Débat/ Conseil municipal/ Mars 2003


Libellé de la question :
"En novembre 2002, une question avait été posée concernant le rayonnement électromagnétique de la Tour Eiffel et des autres sources produisant ces mêmes rayonnements tels que par exemple les émetteurs de radio civils et militaires. La réponse de M. le Maire de Paris expliquant que la Tour Eiffel était conforme à la réglementation suite à une mesure effectuée en 2001 au Palais de Chaillot n'est pas rassurante, car elle semble démontrer que nous sommes peu concernés par le sujet.

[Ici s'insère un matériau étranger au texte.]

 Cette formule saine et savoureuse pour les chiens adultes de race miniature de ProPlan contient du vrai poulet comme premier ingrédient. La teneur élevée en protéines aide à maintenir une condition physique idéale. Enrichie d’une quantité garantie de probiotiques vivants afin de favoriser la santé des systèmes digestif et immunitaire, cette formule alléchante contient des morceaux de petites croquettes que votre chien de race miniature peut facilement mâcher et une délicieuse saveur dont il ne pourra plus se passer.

Par contre, M. le Maire de Paris ne donne aucune réponse sur les autres sources de rayonnement électromagnétique, y compris celles émanant des équipements radios de la Ville.
Au moment où M. le Maire de Paris indique qu'il va signer une charte avec les opérateurs de téléphonie mobile, M. René LE GOFF souhaite rappeler que la Ville de Paris aura beaucoup de difficultés à "isoler" la mesure du rayonnement électromagnétique des antennes-relais, si dans le même temps ne sont pas traitées toues les autres sources émettrices des mêmes rayonnements, en particulier ceux dont la gamme de fréquences sont proches des 900 ou 1.800 Mhz.

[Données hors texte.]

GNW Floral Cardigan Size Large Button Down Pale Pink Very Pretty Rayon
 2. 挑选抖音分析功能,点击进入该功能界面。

Afin d'informer et de rassurer les Parisiens sur ce sujet délicat, dans un souci d'application du principe de précaution dans sa globalité, M. René LE GOFF et les membres du groupe U.M.P. demandent à M. le Maire de Paris de leur préciser ce que la Municipalité compte faire pour recenser toutes les sources de rayonnements électromagnétiques afin de prendre les mesures adaptées aux éventuelles situations anormales - celles où les seuils de rayonnement fixés par le décret de mai 2002 seraient dépassés, et ils souhaiteraient connaître par ailleurs le système de contrôle qui sera mis en place pour isoler la mesure du rayonnement des antennes-relais de téléphonie mobile des autres sources de rayonnement afin d'éviter tout litige dans l'application des principes définis par la charte ville-opérateurs.
Réponse (M. Alain LHOSTIS, adjoint) :
"La question soulevée par M. René LE GOFF sur l'application du principe de précaution relatif au rayonnement électromagnétique de toutes les sources émettrices quelles que soient leurs fréquences est un sujet qui relève de l'Etat.
La Ville s'est déjà efforcée de répondre aux inquiétudes des Parisiennes et des Parisiens en signant une charte avec les trois opérateurs de téléphonie mobile prenant en compte la préoccupation de la population, la qualité du service rendu et la préservation de l'environnement.
La Ville de Paris n'a pas la compétence pour gérer la globalité du spectre des fréquences qui appartient au domaine public de l'Etat. Celui-ci l'utilise pour ses besoins propres et en a confié la gestion générale à un établissement public particulier : l'Agence nationale des fréquences (ANFr). Celle-ci doit assurer la gestion prospective du spectre et faire toutes propositions pour améliorer son utilisation.
Afin de coordonner le contrôle du spectre, l'ANFr a élaboré depuis juin 2001 un "protocole de mesure in situ" visant à vérifier, pour les stations émettrices fixes, le respect des limitations de l'exposition du public aux champs électromagnétiques dans les fréquences de 9.000 hertz à 300.000 mégahertz conformément à la réglementation. Les laboratoires recensés par l'agence présentent leurs résultats de mesures conformément au protocole par bandes de fréquences. Ce protocole permet de différencier notamment tout ce qui est relatif à la technologie de la téléphonie mobile."